# Microsoft Office Application Help - Excel Help forum > Excel Charting & Pivots >  > [SOLVED] PivotTables - Sum Distinct Values

## TheMacroNoob

Hello all,

I am trying to use PivotTables to summarize and filter data. I have various tables that all do what I want, except for one.
I have a list of *RMs (People)*, their *Units Under Management*, and *Total Claim Cost per RM*. Some properties have *multiple claims*, thus repeating data such as *Unit count*.
(A property with 100 units might have 3 claims, making the PivotTable display 300 units.)

Is there any way to make a PivotTable sumdistinct, or something similar, to display the RM, their units under management (counting the units for a property only once), and their total cost?

The reason I want this information is to simply divide the total incurred by units for a claims per door column. Currently it would be using inaccurate unit numbers unless I create another data set. 

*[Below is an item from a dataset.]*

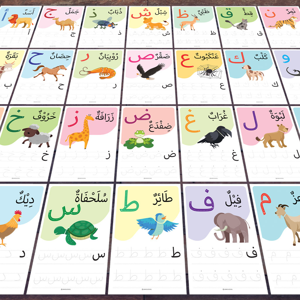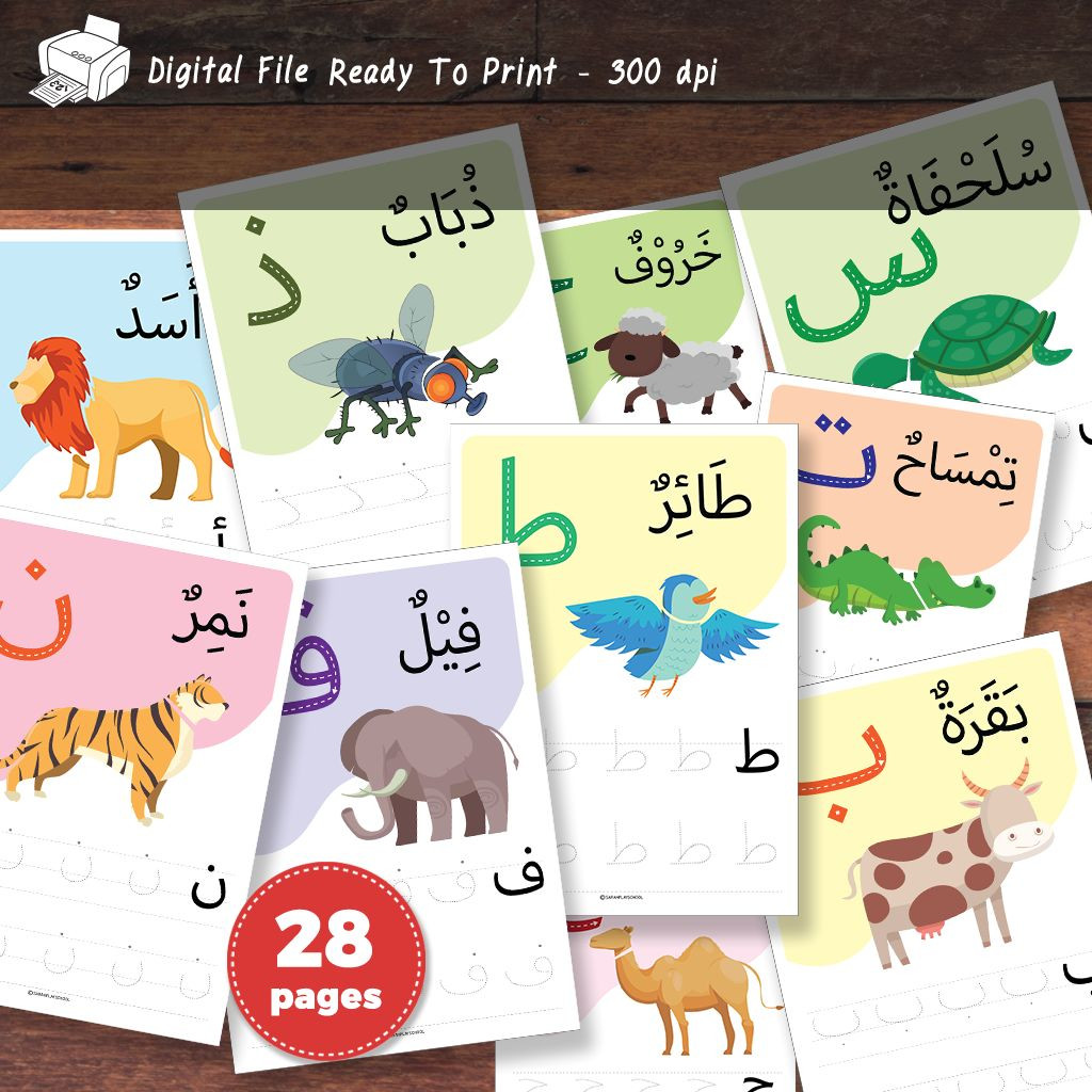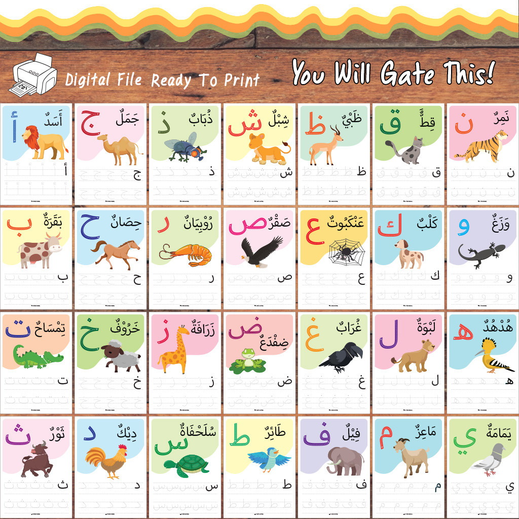 Nama Hewan dalam Huruf Arab dan Hijaiyah, Menjiplak dan Menulis, Alfabet Arab, Lembar Kerja Anak Muslim
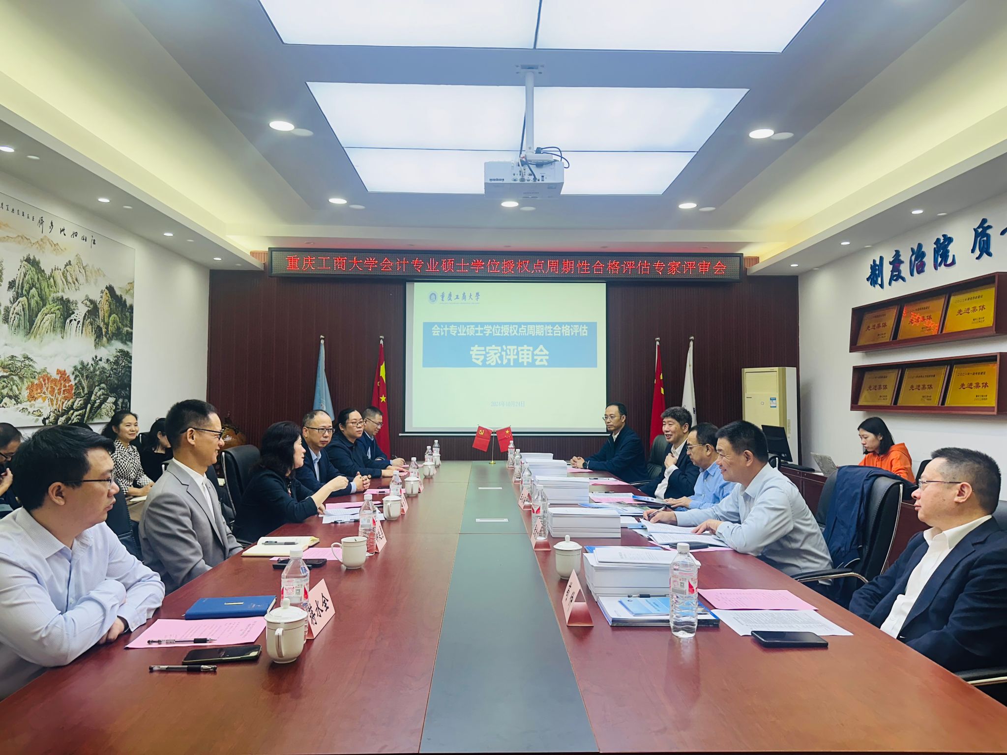 近日,会计专业硕士学位授权点周期性合格评估专家评审会在学校明德楼2019会议室召开。武汉大学王永海教授、中南财经政法大学张敦力教授、西安交通大学汪方军教授、中冶赛迪集团党委副书记苟仲、浪潮通用软件重庆公司总经理王宏波组成评估专家组,对会计专业硕士学位授权点近五年的建设情况进行评估。学校党委副书记宋豫,会计学院领导班子成员、各系部及办公室主任参加会议。会议由会计学院党委书记邓德敏主持。

Please advise if you know the solution off the top of your head. Thank you very much.
*Please see attached for the excel file with data and examples.*

Problem Example.xlsm
Screenshot 2022-08-17 111818.png

----------


## oeldere

Sheet Data 
Cell W3=IF(COUNTIF($B$3:$B3,$B3)=1,$R3,"")

After that a pivot table.

See the attached file (sheet PT Oeldere)

----------


## TheMacroNoob

Hello,

You, my friend, are amazing. It is a shame to have to add another column but this is a great solution to get around the PivotTable. 

Thank you very much!

----------


## oeldere

Thanks for the rep.

Glad I could help.

Thanks for marking the question solved.

----------